Rentrée littéraire : La fashion week des libraires

La Lucarne : le roman perdu de José Saramago

Xavier S. Thomann - 01.11.2013

Livre - José Saramago - Portugal - Lisbonne


Puisque le Prix Nobel est de saison, revenons sur un livre du récipiendaire 1998 publié en septembre. Il s'agit de la Lucarne de l'écrivain portugais José Saramago. Ce beau roman a une histoire éditoriale des plus particulières. Écrit en 1953, il est refusé par une célèbre maison d'édition de Lisbonne. Redécouvert à la faveur d'un déménagement en 1989, ladite maison propose de publier l'ouvrage du désormais célèbre écrivain. Ce dernier refuse. Il faudra attendre sa mort, en 2010, pour pouvoir le découvrir. 

 

La femme de l'auteur, Pilar del Rio, revient sur l'affaire en préface. Elle résume ainsi les enjeux de cette découverte sur le tard : « Ce n'est pas une porte qui se ferme, au contraire c'est une porte qui s'ouvre toute grande, franchement, afin qu'il soit possible de lire cette oeuvre à la lumière et dans la perspective de ce que l'écrivain, encore jeune, disait déjà ».  

 

En effet, le risque avec ce type de livre c'est d'être déçu en le comparant au reste de l'oeuvre. Ce n'est pas le cas ici. La Lucarne est tout sauf un roman de second ordre. Mieux, on peut y voir la préfiguration des thèmes centraux de l'oeuvre, voire une sorte de clef pour analyser d'autres romans de Saramago. Pilar del Rio dit encore : « Claraboia (le titre original, NDLR) est la porte d'entrée à Saramago et sera une découverte pour chaque lecteur. Comme si un cercle parfait se refermait. Comme si la mort n'existait pas ». 

 

Mais venons-en au livre lui-même. La Lucarne est un roman foisonnant, à travers l'immersion dans la vie des différentes familles d'un immeuble lisboète. Dans un pays encore sous le coup de la dictature et victime d'une situation économique peu florissante, les problèmes financiers sont le lot de tous les habitants de l'immeuble, quel que soit leur activité ou leur statut. Chacun fait face aux difficultés quotidiennes à sa manière. C'est un immeuble où se côtoient un ouvrier, un artisan, un représentant de commerce et des employées, sans oublier une femme entretenue qui alimente les ragots entre les étages. 

 

En d'autres termes, il y a une forte dimension sociale.
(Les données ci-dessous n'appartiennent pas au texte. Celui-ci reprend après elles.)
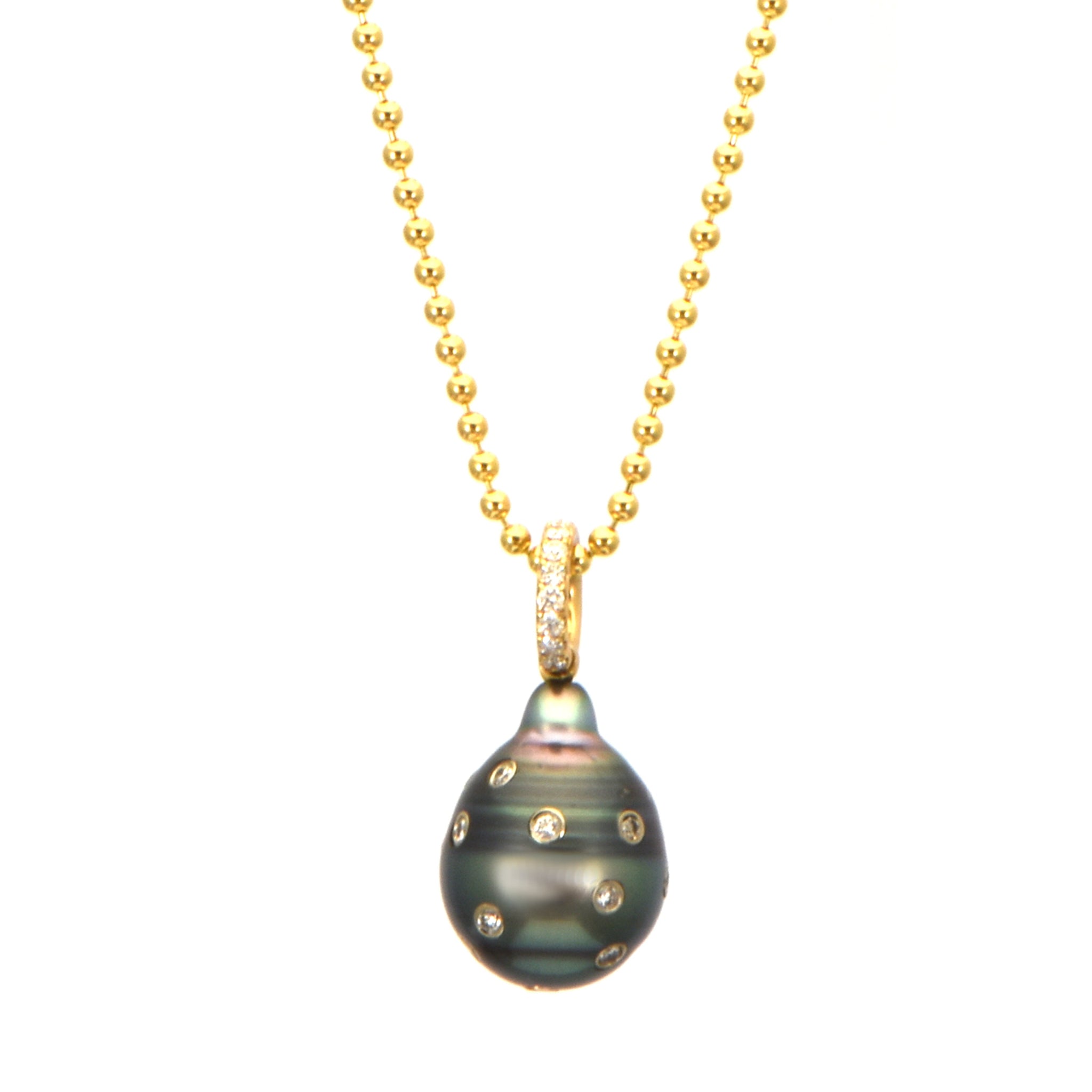 Diamond Bezel Encrusted Tahitian Pearl Pendant

C'est peut-être de là que sont venues les réticences de l'éditeur. Qu'importe. Le romancier déploie les vies des habitants de l'immeuble progressivement : au fil de l'intrigue, des liens, ténus ou forts, se nouent entre les différents étages, entre les différents habitants. Au milieu des petits et grands drames des vies ordinaires, on trouve un alter ego de l'auteur en la personne d'Abel, un jeune homme qui loue une chambre à un cordonnier philosophe et sa femme. 

 

Comme son personnage, l'auteur observe, se permet quelquefois de juger, comme quand l'ironie transparaît : « Il n'avait pas beaucoup d'idées, mais celles qu'il avait étaient définitives ». Il se contente de constater les tiraillements de ces femmes et de ces hommes qui traversent tous une crise personnelle. Par exemple, Emilio aimerait bien quitter sa femme avec qui il ne s'entend plus depuis longtemps. Pourtant, il n'en fait rien : son sentiment de responsabilité et de culpabilité vis-à-vis de son fils va croissant avec ce désir de partir. 

 

 

À la qualité psychologique du livre, il faut ajouter sa dimension poétique, qui se traduit par une grande finesse d'expression. Saramago ne se laisse jamais aller à trop en dire. Ce qui n'équivaut par pour autant à une quelconque sècheresse. « Le paysage ne changeait jamais, mais elle ne le trouvait monotone que les jours d'été obstinément bleus et lumineux où tout est évident et définitif. Un matin de brouillard comme celui-ci, un brouillard léger qui n'obstruait pas totalement la vue, recouvrait la ville d'imprécision et de rêve. Isaura savourait tout cela. » 

 

Cette finesse permet aussi la transition d'un personnage à un autre, d'une intrigue à une autre avec une aisance remarquable, sans aucun effet de confusion. Au final, un tableau d'une grande force littéraire de personnages ordinaires, tour à tour médiocres, mesquins et extraordinaires.